- ASSIGNED TASK
Using the data below, transcribe exactly everything from the line that contains "Devia USB Typ-C" down to the line that contains "Con un primo". Include both of those lines and none of the pictures.

- EXTRACTED DATA
=-=-=

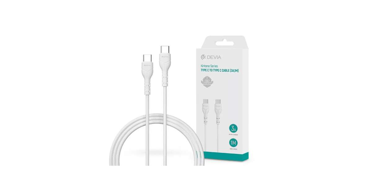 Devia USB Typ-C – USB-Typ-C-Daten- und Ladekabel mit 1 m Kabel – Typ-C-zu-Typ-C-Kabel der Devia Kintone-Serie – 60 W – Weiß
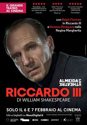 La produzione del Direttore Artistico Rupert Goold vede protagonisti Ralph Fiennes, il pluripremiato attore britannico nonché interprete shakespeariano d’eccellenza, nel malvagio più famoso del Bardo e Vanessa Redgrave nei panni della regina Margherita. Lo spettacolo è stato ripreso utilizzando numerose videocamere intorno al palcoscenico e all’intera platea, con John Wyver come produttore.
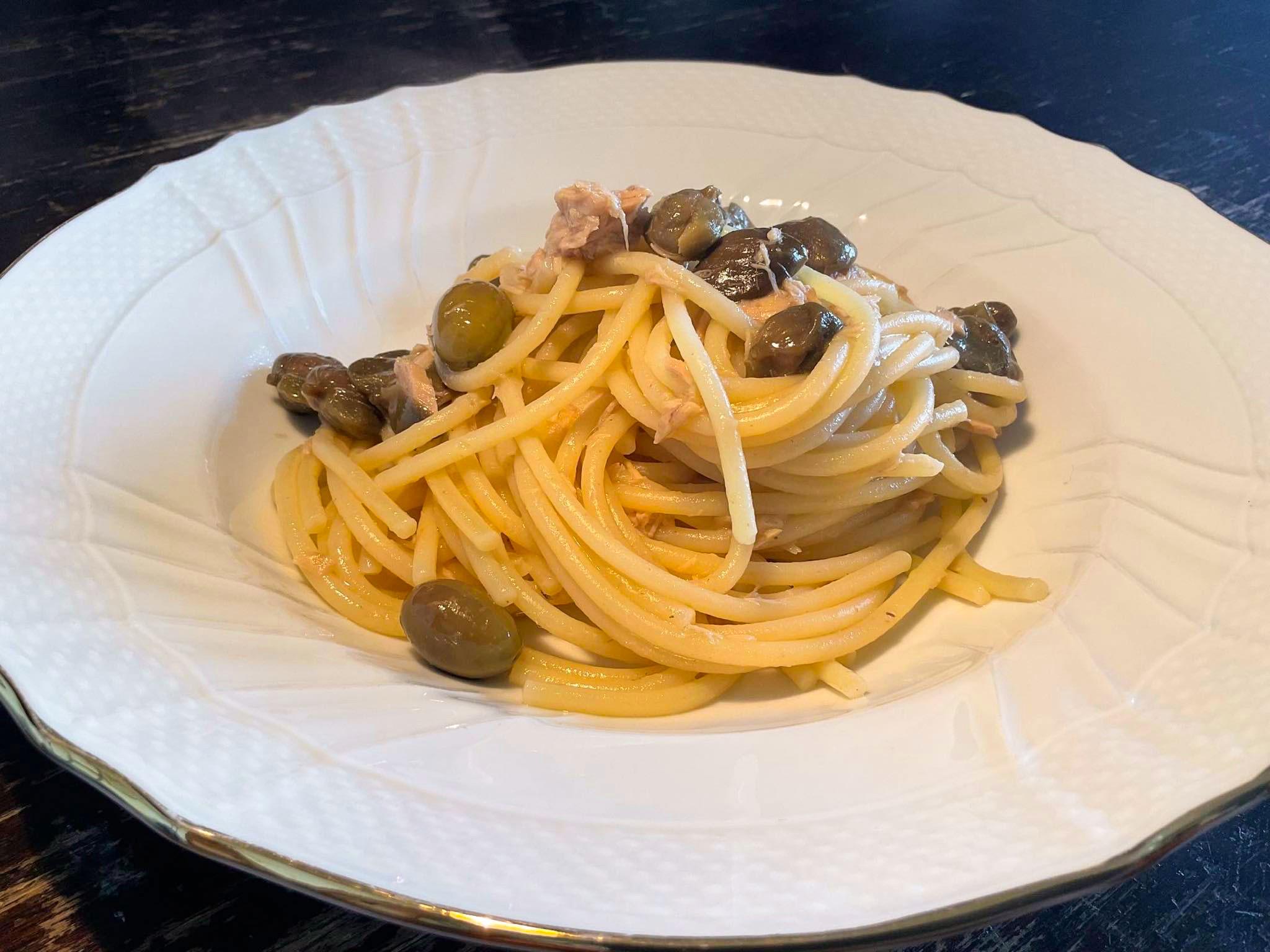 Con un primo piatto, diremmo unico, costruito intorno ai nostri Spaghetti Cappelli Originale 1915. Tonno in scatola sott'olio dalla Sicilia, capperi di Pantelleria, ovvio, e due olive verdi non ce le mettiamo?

=-=-=

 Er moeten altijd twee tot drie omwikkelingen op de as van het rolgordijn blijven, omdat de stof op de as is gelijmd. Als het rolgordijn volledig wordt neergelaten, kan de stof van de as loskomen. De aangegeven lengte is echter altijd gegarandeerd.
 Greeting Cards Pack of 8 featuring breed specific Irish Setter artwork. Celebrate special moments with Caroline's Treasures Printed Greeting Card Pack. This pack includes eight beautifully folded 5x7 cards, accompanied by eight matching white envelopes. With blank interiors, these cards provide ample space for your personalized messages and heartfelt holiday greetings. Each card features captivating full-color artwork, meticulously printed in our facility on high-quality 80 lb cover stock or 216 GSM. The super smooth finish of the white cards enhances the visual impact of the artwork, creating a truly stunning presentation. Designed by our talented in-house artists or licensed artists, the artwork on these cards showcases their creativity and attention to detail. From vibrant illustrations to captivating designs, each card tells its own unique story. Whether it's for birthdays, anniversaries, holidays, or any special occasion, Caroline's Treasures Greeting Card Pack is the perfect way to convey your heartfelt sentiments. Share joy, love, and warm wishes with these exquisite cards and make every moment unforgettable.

=-=-=

- ANSWER BOX
 Devia USB Typ-C – USB-Typ-C-Daten- und Ladekabel mit 1 m Kabel – Typ-C-zu-Typ-C-Kabel der Devia Kintone-Serie – 60 W – Weiß
 La produzione del Direttore Artistico Rupert Goold vede protagonisti Ralph Fiennes, il pluripremiato attore britannico nonché interprete shakespeariano d’eccellenza, nel malvagio più famoso del Bardo e Vanessa Redgrave nei panni della regina Margherita. Lo spettacolo è stato ripreso utilizzando numerose videocamere intorno al palcoscenico e all’intera platea, con John Wyver come produttore.
 Con un primo piatto, diremmo unico, costruito intorno ai nostri Spaghetti Cappelli Originale 1915. Tonno in scatola sott'olio dalla Sicilia, capperi di Pantelleria, ovvio, e due olive verdi non ce le mettiamo?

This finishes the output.